Прошло полторы недели. Хабекер всего три раза за это время съездил домой. Спал по пять шесть часов на узкой койке в комнате отдыха, с тревогой понимал, что на допросах теряет необходимую выдержку путается в анализах, и нервничал еще больше.
Перед ним прошла вереница людей: все родственники Инги Штраух, хозяйки ее прежних квартир, редакторы газет, где печатались статьи Штраух, служащие Министерства авиации и Министерства иностранных дел, тем или иным образом связанные в прошлом с самой Штраух или с Лаубе.
Хабекер присутствовал на допросах Лаубе, принимал участие в пытках, надеясь вырвать у него признание в совместной работе со Штраух.
Два раза допрашивал жениха Штраух доктора Карла Гауфа.
Запросил и перечитал колоссальное количество документов, принадлежавших польской охранке и хранившихся в архивах Берлина.
Встречался с доверенным лицом генерала Шелленберга, штурмбаннфюрером Таубе, и представителем абвера майором Граве.
Вновь допрашивал саму Ингу Штраух, применив на последних допросах методы физического принуждения. Но с места не сдвинулся.
Мать Инги Штраух, пожилая, повергнутая в ужас женщина, только всхлипывала. Хабекер избил ее, чтобы привести в чувство. Фрау Фрида Штраух не сообщила следствию ничего нового: о заграничных делах дочери она не знала. Соседи фрау Штраух подтверждали, что мать и дочь никогда особенно близки не были, даже переписывались редко.
Варшавская приятельница Инги Штраух, бывшая секретарша военно-воздушного атташе полковника-Вольцова фрейлейн Соня Шрейбер, рассказывая о жизни в Польше, хвасталась знакомством со Штраух, бесконечно ссылалась на нее как на лицо, способное подтвердить ее собственное безупречное поведение.
У секретарши подергивался левый глаз. Розовая воспаленная кожа век, дебелая шея, неуверенные движения рук и болтливость выдавали алкоголичку.
Узнав, что Инга Штраух арестована по подозрению в государственной измене, фрейлейн Шрейбер уставилась на Хабекера таким тупым взглядом, что следователю стало тоскливо.

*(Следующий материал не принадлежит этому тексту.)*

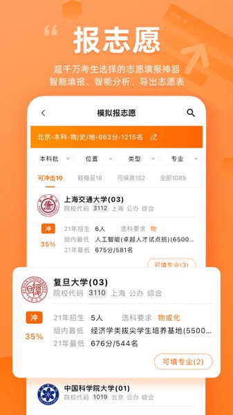 志愿填报:掌上高考的数据来源于官方机构和高校,权威、准确、及时,累计数据量已达数百万条。志愿填报主要包括:估分选大学,查学校,查专业,真假大学,海外大学等大学查询服务。上掌上高考,总有个大学适合您。

-Не пыталась ли Штраух узнавать у вас сведения секретного порядка? — уныло спросил Хабекер.-фрейлейн Штраух? — пребывая в шоковом состоянии, осведомилась Шрейбер и вдруг идиотски захихикала, стыдливо потупила заплывшие глазки, запинаясь, поведала:
Мы говорили... о женских болезнях... Мы обе... не могли иметь детей...

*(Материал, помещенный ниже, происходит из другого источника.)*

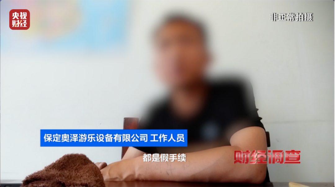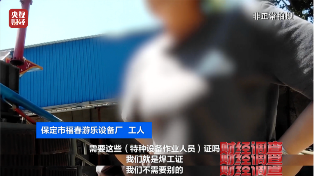 但国家市场监督管理总局调查组和《财经调查》的记者发现,这些飞椅和海盗船上并没有相应的登记标志,经营者甚至坦言在这样的集市、庙会上经营并不需要相关手续,甚至连营业执照都没有。
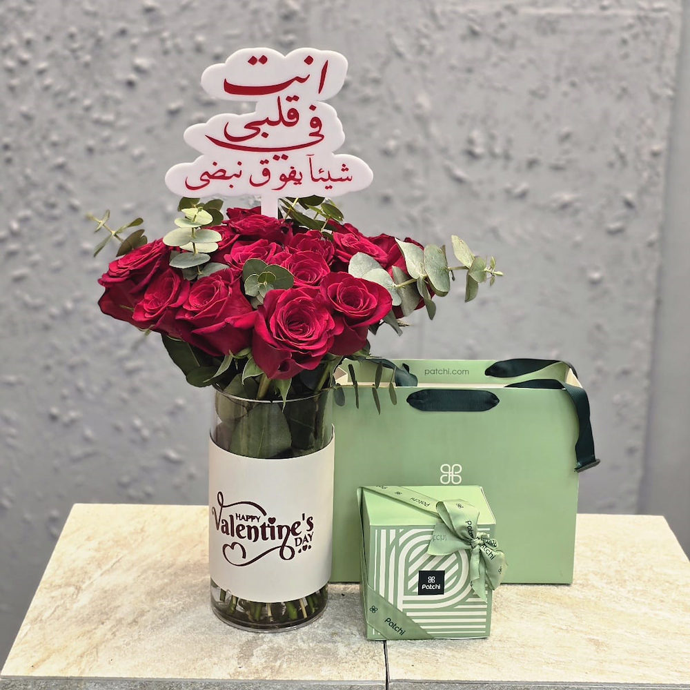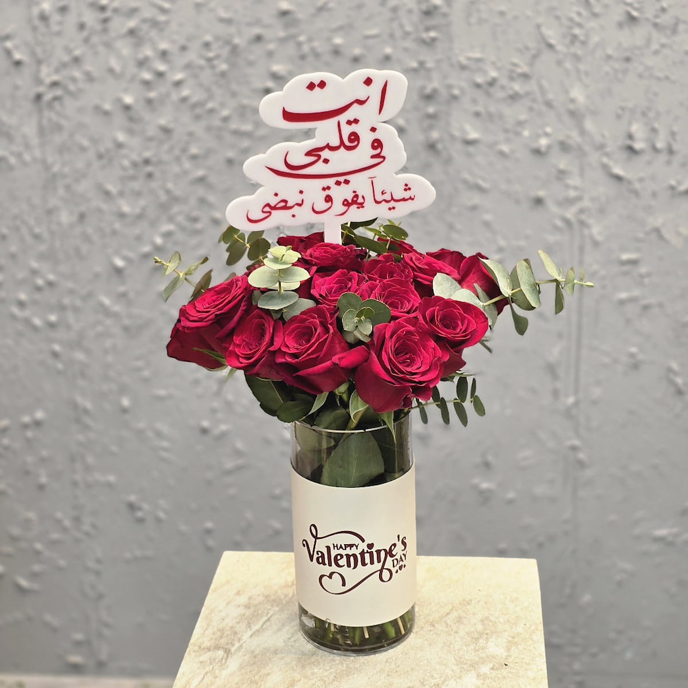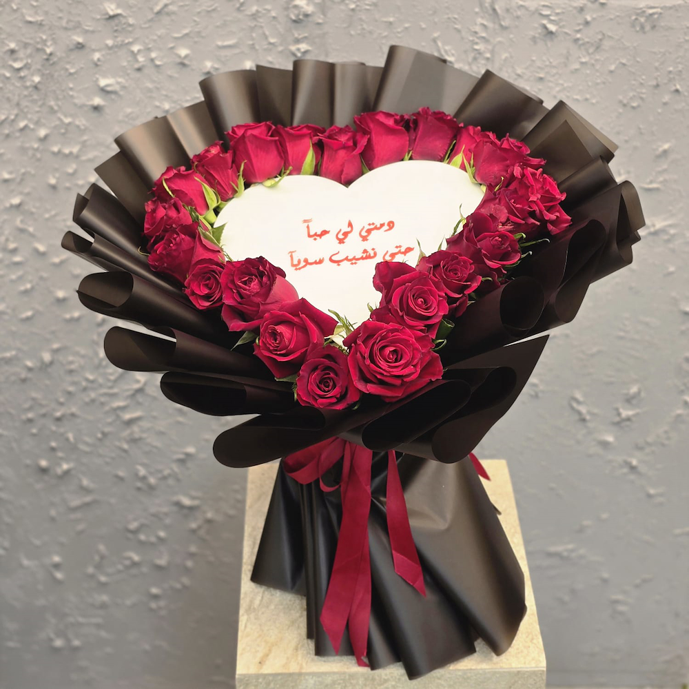 An elegant bouquet featuring red heart of red roses with a love day message in elegant black wrapping.

Она даже покраснела, старая дура! Хабекер выписал ей пропуск на выход, предупредив, что Шрейбер обязана молчать, и облегченно вздохнул, когда дверь закрылась.
Попытка разыскать бывшего военно-воздушного атташе полковника Вольцова привела к появлению на столе Хабекера официального документа, извещавшего, что полковник Вольцов погиб при выполнении служебных обязанностей на Восточном фронте. Походило на то, что полковника ликвидировали партизаны.
Доктор Карл Гауф рассказал о знакомстве с Ингой Штраух точь-в-точь то, что говорила сама арестованная. Поведение Гауфа на допросах, его слезы, жалкие крики при избиении, готовность, с какой он рассказывал следователю, что действительно часто сообщал Инге Штраух служебные новости, наводили на мысль, что Гауф мог оказаться невинной жертвой.
Документы польской охранки никаких улик против Штраух и других подозреваемых лиц не давали. Правда, Документы сохранились только частично: еще в сороковом году в помещении архива, где они хранились, вспыхнул пожар и значительная часть папок погибла. Причины пожара в свое время установить не удалось, но гестапо предполагало поджог.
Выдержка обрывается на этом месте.